Content starts

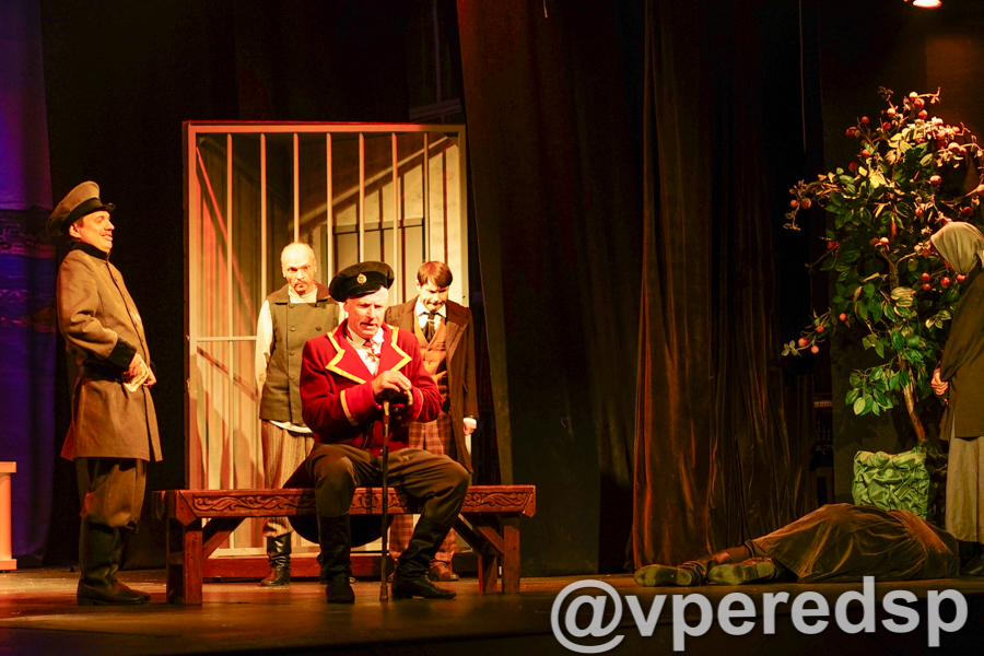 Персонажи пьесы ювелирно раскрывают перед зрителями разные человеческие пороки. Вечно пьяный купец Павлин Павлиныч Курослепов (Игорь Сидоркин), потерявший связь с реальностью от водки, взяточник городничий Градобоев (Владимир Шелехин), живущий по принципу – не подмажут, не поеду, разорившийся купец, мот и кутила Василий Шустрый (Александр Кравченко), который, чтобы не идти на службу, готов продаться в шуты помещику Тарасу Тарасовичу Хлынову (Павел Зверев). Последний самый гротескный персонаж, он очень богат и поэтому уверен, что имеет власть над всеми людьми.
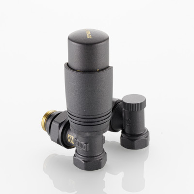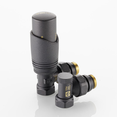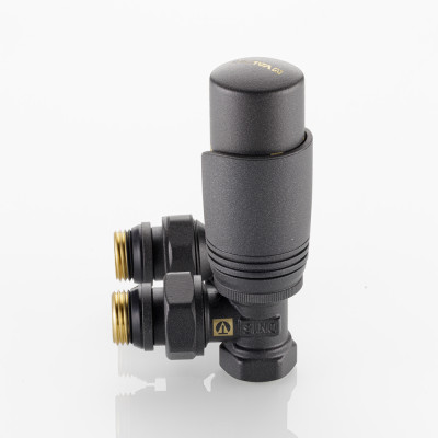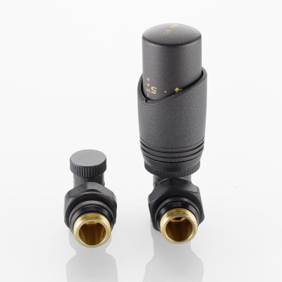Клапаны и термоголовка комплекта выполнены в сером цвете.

Content ends
Content starts

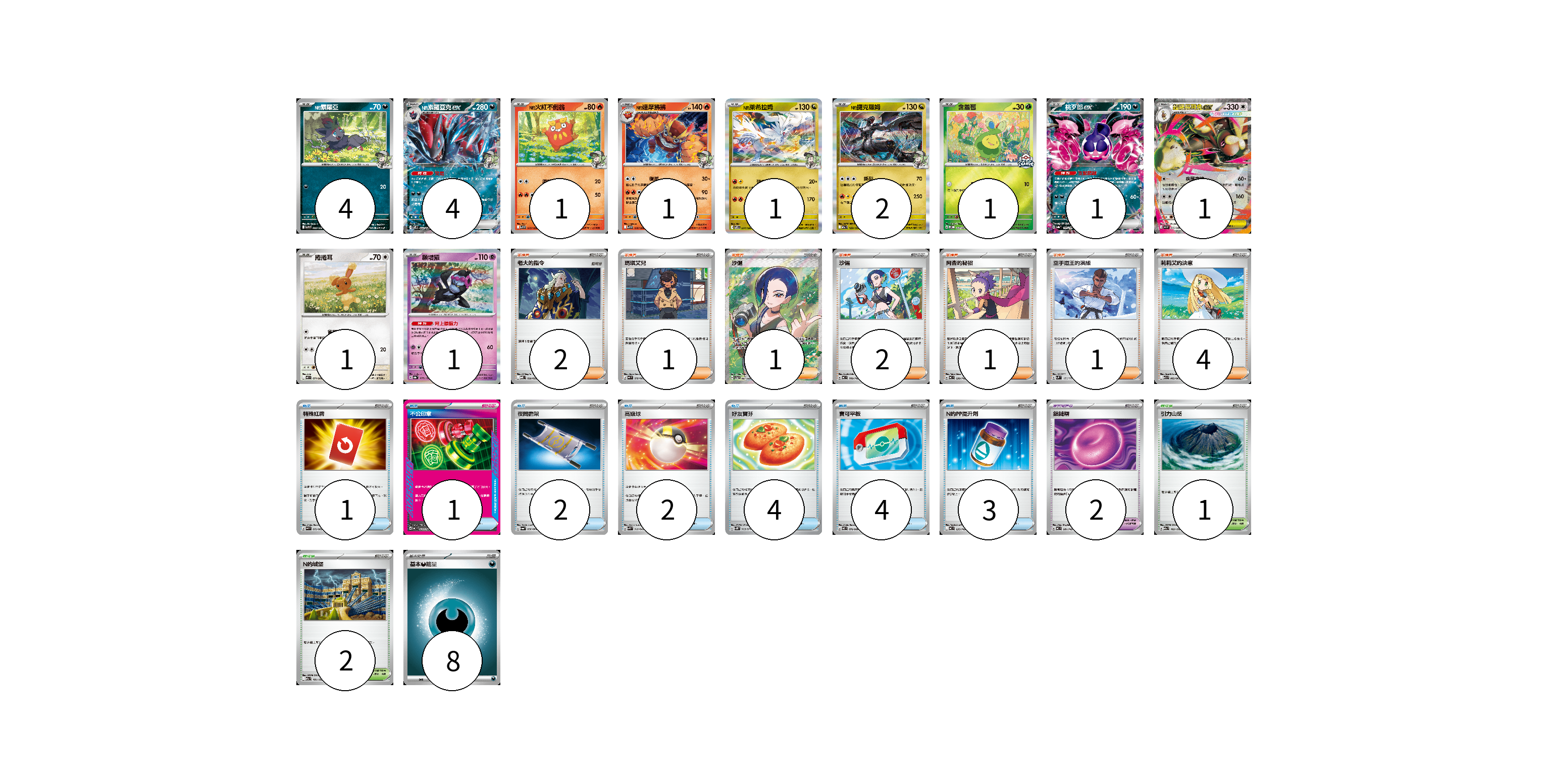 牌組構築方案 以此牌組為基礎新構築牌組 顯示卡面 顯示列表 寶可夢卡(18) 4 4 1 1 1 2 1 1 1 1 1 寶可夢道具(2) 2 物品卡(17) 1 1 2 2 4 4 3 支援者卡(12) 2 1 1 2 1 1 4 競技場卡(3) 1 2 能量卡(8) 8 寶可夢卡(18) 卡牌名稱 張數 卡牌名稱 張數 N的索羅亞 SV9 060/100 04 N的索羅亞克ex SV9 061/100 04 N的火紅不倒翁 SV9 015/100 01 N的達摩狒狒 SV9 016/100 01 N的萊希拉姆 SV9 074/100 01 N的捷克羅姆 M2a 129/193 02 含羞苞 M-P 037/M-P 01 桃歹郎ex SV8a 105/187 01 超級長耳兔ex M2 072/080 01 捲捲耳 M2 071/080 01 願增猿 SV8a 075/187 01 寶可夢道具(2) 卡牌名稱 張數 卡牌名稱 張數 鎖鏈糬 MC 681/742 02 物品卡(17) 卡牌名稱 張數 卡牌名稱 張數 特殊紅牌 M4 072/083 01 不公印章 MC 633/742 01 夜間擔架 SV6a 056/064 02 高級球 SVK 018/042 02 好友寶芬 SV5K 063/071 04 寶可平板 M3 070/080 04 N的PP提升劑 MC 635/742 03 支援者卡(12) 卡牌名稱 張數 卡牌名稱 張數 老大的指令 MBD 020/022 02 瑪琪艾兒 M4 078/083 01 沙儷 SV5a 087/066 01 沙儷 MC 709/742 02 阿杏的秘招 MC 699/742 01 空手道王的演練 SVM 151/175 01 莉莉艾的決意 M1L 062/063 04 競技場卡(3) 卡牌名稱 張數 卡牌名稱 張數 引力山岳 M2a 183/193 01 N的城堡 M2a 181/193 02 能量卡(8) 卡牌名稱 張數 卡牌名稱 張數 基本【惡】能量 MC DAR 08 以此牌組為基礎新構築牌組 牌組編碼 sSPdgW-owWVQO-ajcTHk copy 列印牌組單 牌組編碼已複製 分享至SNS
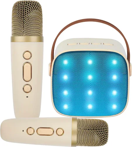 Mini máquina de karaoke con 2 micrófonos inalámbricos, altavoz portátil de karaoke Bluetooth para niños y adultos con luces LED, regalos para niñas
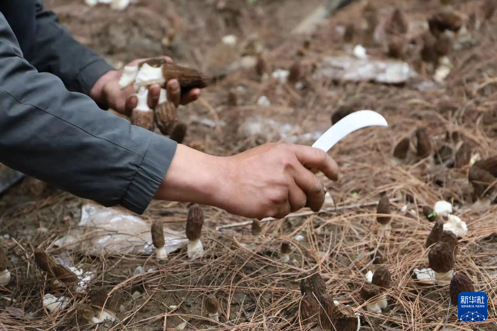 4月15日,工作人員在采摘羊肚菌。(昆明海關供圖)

Content ends

Exercise goal ▸ Within the listing above, print exactly the stretch beginning at the line that contains "牌組構築方案 以此牌組為基礎新構築牌組 顯示卡面" and finishing at the line that contains "4月15日,工作人員在采摘羊肚菌。(昆明海關供圖)", ends kept, pictures left out, and nothing more.

Task solution ▸
 牌組構築方案 以此牌組為基礎新構築牌組 顯示卡面 顯示列表 寶可夢卡(18) 4 4 1 1 1 2 1 1 1 1 1 寶可夢道具(2) 2 物品卡(17) 1 1 2 2 4 4 3 支援者卡(12) 2 1 1 2 1 1 4 競技場卡(3) 1 2 能量卡(8) 8 寶可夢卡(18) 卡牌名稱 張數 卡牌名稱 張數 N的索羅亞 SV9 060/100 04 N的索羅亞克ex SV9 061/100 04 N的火紅不倒翁 SV9 015/100 01 N的達摩狒狒 SV9 016/100 01 N的萊希拉姆 SV9 074/100 01 N的捷克羅姆 M2a 129/193 02 含羞苞 M-P 037/M-P 01 桃歹郎ex SV8a 105/187 01 超級長耳兔ex M2 072/080 01 捲捲耳 M2 071/080 01 願增猿 SV8a 075/187 01 寶可夢道具(2) 卡牌名稱 張數 卡牌名稱 張數 鎖鏈糬 MC 681/742 02 物品卡(17) 卡牌名稱 張數 卡牌名稱 張數 特殊紅牌 M4 072/083 01 不公印章 MC 633/742 01 夜間擔架 SV6a 056/064 02 高級球 SVK 018/042 02 好友寶芬 SV5K 063/071 04 寶可平板 M3 070/080 04 N的PP提升劑 MC 635/742 03 支援者卡(12) 卡牌名稱 張數 卡牌名稱 張數 老大的指令 MBD 020/022 02 瑪琪艾兒 M4 078/083 01 沙儷 SV5a 087/066 01 沙儷 MC 709/742 02 阿杏的秘招 MC 699/742 01 空手道王的演練 SVM 151/175 01 莉莉艾的決意 M1L 062/063 04 競技場卡(3) 卡牌名稱 張數 卡牌名稱 張數 引力山岳 M2a 183/193 01 N的城堡 M2a 181/193 02 能量卡(8) 卡牌名稱 張數 卡牌名稱 張數 基本【惡】能量 MC DAR 08 以此牌組為基礎新構築牌組 牌組編碼 sSPdgW-owWVQO-ajcTHk copy 列印牌組單 牌組編碼已複製 分享至SNS
 Mini máquina de karaoke con 2 micrófonos inalámbricos, altavoz portátil de karaoke Bluetooth para niños y adultos con luces LED, regalos para niñas
 4月15日,工作人員在采摘羊肚菌。(昆明海關供圖)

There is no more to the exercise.